無人化のホテル開業 IoT活用しチェックイン 長崎

最大6人が宿泊できる部屋=長崎市西坂町

 不動産関連業の「ゼキア」(長崎市)は、同市西坂町に無人フロント型のホテルを開業した。常駐するスタッフはおらず、IoT(モノのインターネット)を活用してチェックインする。訪日客や家族連れの利用を想定している。
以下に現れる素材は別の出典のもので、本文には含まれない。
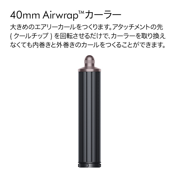 付属品 Conical Airwrapカーラー 、40mm Airwrapカーラー、スムージング ループブラシ、スムージングドライヤー、 収納バッグ、フィルタークリーニングブラシ
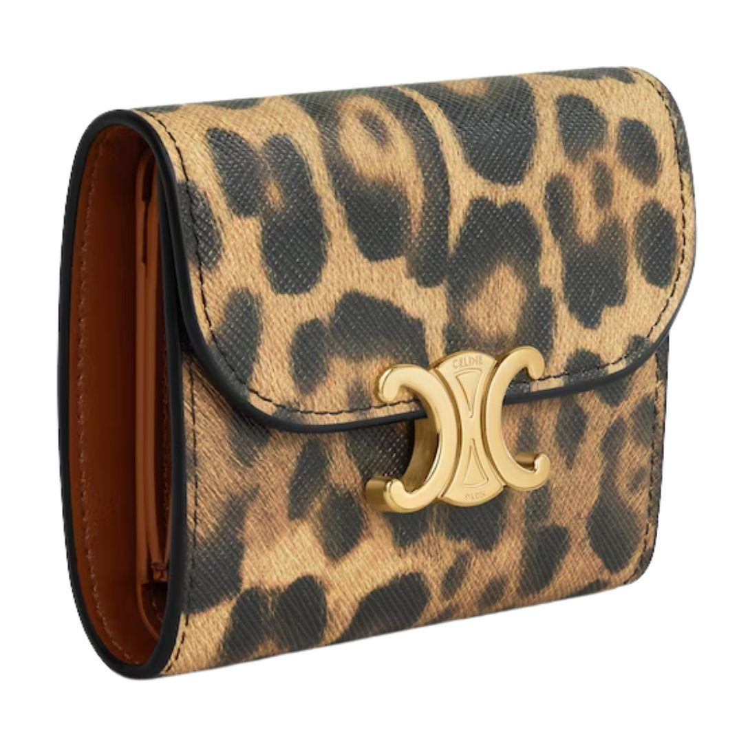 Home WOMEN CELINE SMALL LEATHER GOODS CELINE SMALL FLAP WALLET TRIOMPHE IN CANVAS WITH LEOPARD PRINT
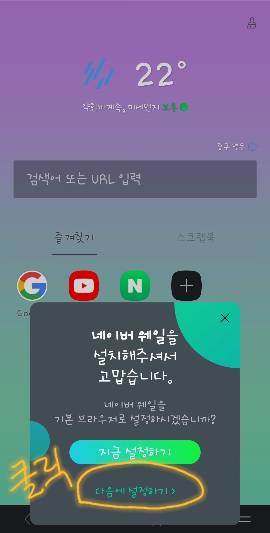 9. 기본 브라우저로 설정하라는 질문이 나오면, 알아서 선택합니다. 저는 다음에 설정하기👌

 ホテル名は「グランドベース長崎駅前」。JR長崎駅の徒歩圏内で西坂公園の近くにある。鉄骨2階建てで、広さ26~38平方メートルの3部屋を用意。最も広い部屋には最大6人が宿泊できる。「自宅にいるようにくつろげる空間」をコンセプトに、ベッドやソファ、キッチンを完備。長期滞在も可能なように、共用のランドリールームもある。

 宿泊業を巡っては人手不足が深刻で、省人化が進む。改正旅館業法は、本人確認や緊急時にスタッフがすぐに駆けつけられる体制整備などを条件に、フロントを設けない運営を認めている。

 グランドベース長崎駅前は、旅館業営業許可を取得し、完全無人化で営業。ホテル入り口にあるタブレット端末がフロント代わりとなり、予約時に宿泊者に伝えるパスワードと宿泊者の名前と住所、電話番号などを入力する。その後、宿泊部屋を解錠するための暗証番号が表示される仕組みだ。

 西日本で宿泊施設を企画する「リクリエ」が管理、運営を担い、各部屋に配備するタブレット端末で常時、連絡を取ることができる。警備会社と管理会社とも連携し、緊急時には10分以内に駆けつける体制を整えた。

 ゼキアの後田竜二社長(50)は「ゆっくり滞在して長崎観光を楽しんでほしい」と話し、年間85%以上の稼働率を目標に掲げる。

 宿泊料はオープン特価で2人1室7200円から。